Google App Engine - Getting Sessions working with Python 2.7

Steve picture Steve · Oct 5, 2012 · Viewed 10.6k times · Source

First of all, I'm brand new to GAE, so its possible I'm doing this the wrong way - but I've used PHP before and session was how I kept persistent data. I'm using Python 2.7 because that is what I use for all my other Python development - although I'm beginning to wonder if downgrading to 2.5 might be a valid solution, if not an ideal one.

The scenario is that I'm building a proof-of-concept site, and I need to have a 'dummy' login button that simply sets a session variable called 'user' with a value of 'admin'. I then want to check in the navigation template to see if the variable is set, and if so I'll add some extra menu commands.
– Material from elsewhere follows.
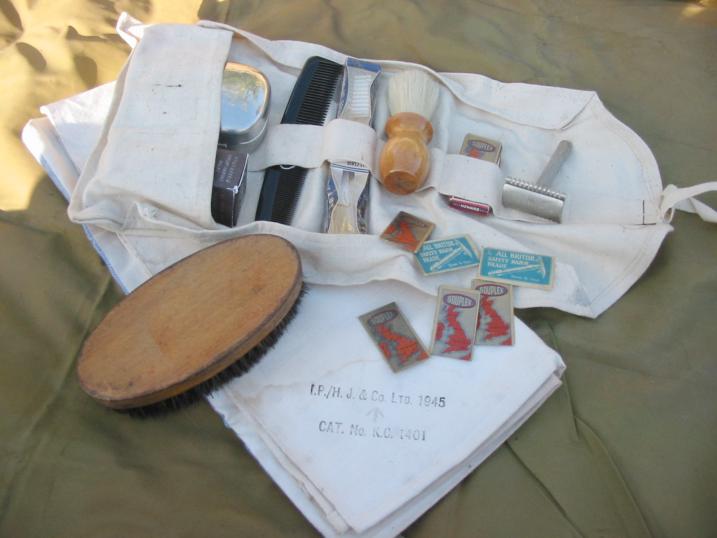 A closer view of the wash roll, containing a metal soap dish, shaving cream stick, comb, toothbrush, shaving brush, razor blades and razor, hair brush and underneath is a 1945 towel. Copyright: Andrew Cummings.

Very simple. (Note: I KNOW this isn't secure, sensible or anything that should be done - the problem is that session is not working, not what I'm doing with it - I'm doing a couple of other things in the code using session - none of them are working when deployed)

It seems there are a few different session libraries for GAE with Python and I tried the one that was most widely recommended in Google searches - gaeutilities, but this caused errors and wouldn't work (I eventually stumbled across this post to explain that its just not compatible with Python 2.7). A little more searching led me to this library from appenginelearn.com which I dropped in and it worked perfectly... until I deployed it - then it just does nothing. I'd love some pointers or advice as to why this might be failing. Here is the relevant code that I'm using:

I put the util library directory from appenginelearn.com in the root of the application directory, then imported Session:

from util.sessions import Session

Then I added the Login and Logout classes:

class LogIn(webapp2.RequestHandler):
    def get(self):
        self.session = Session()
        self.session['user'] = 'admin'
        # Return the user to the page they logged in from
        referer = self.request.environ['HTTP_REFERER'] \
                if 'HTTP_REFERER' in self.request.environ \
                else '/'
        self.redirect(referer)

class LogOut(webapp2.RequestHandler):
    def get(self):
        self.session = Session()
        self.session.delete_item('user')
        self.redirect('/')

And the following (awful) code in the main class (this will be done for all pages in the demo)

class MainPage(webapp2.RequestHandler):
    def get(self):
        self.session = Session()
        logging.info('Main page fired up')
        if 'user' in self.session:
            user = self.session['user']
        else:
            user = None

        template_values = {
            'user': user
            }
        template = jinja_environment.get_template('main.html')
        self.response.out.write(template.render(template_values))

And then this in the HTML template file

  {% if user %}
      <p>Welcome, {{user}}</p>
  {% endif %}

And the errors in the log:

2012-10-04 02:51:28.084 /login 302 143ms 0kb Mozilla/5.0 (Windows NT 6.1; WOW64) AppleWebKit/537.4 (KHTML, like Gecko) Chrome/22.0.1229.79 Safari/537.4
*ip address removed* - - [04/Oct/2012:02:51:28 -0700] "GET /login HTTP/1.1" 302 136 "*site-removed*" "Mozilla/5.0 (Windows NT 6.1; WOW64) AppleWebKit/537.4 (KHTML, like Gecko) Chrome/22.0.1229.79 Safari/537.4" "*site-removed*" ms=144 cpu_ms=0 cpm_usd=0.000015 instance=*instance removed*
**I** 2012-10-04 02:51:28.080
Creating session session-*session number removed*
**E** 2012-10-04 02:51:28.084
Set-Cookie: appengine-simple-session-sid=*session number removed*; Path=/

Answer

Paul Collingwood picture Paul Collingwood · Oct 5, 2012

Have you seen webapp2 sessions? It's all built in and you can get started right away.

https://webapp2.readthedocs.io/en/latest/api/webapp2_extras/sessions.html

This module provides a lightweight but flexible session support for webapp2. It has three built-in backends: secure cookies, memcache and datastore. New backends can be added extending CustomBackendSessionFactory. The session store can provide multiple sessions using different keys, even using different backends in the same request, through the method SessionStore.get_session(). By default it returns a session using the default key from configuration.

import webapp2

from webapp2_extras import sessions

class BaseHandler(webapp2.RequestHandler):
    def dispatch(self):
        # Get a session store for this request.
        self.session_store = sessions.get_store(request=self.request)

        try:
            # Dispatch the request.
            webapp2.RequestHandler.dispatch(self)
        finally:
            # Save all sessions.
            self.session_store.save_sessions(self.response)

    @webapp2.cached_property
    def session(self):
        # Returns a session using the default cookie key.
        return self.session_store.get_session()

# To set a value:
self.session['foo'] = 'bar'

# To get a value:
foo = self.session.get('foo')

Then it's real easy to build a login system around this, seems you've already done it already. And you get to use the datastore and/or memcache with the webapp2 sessions, as preferred.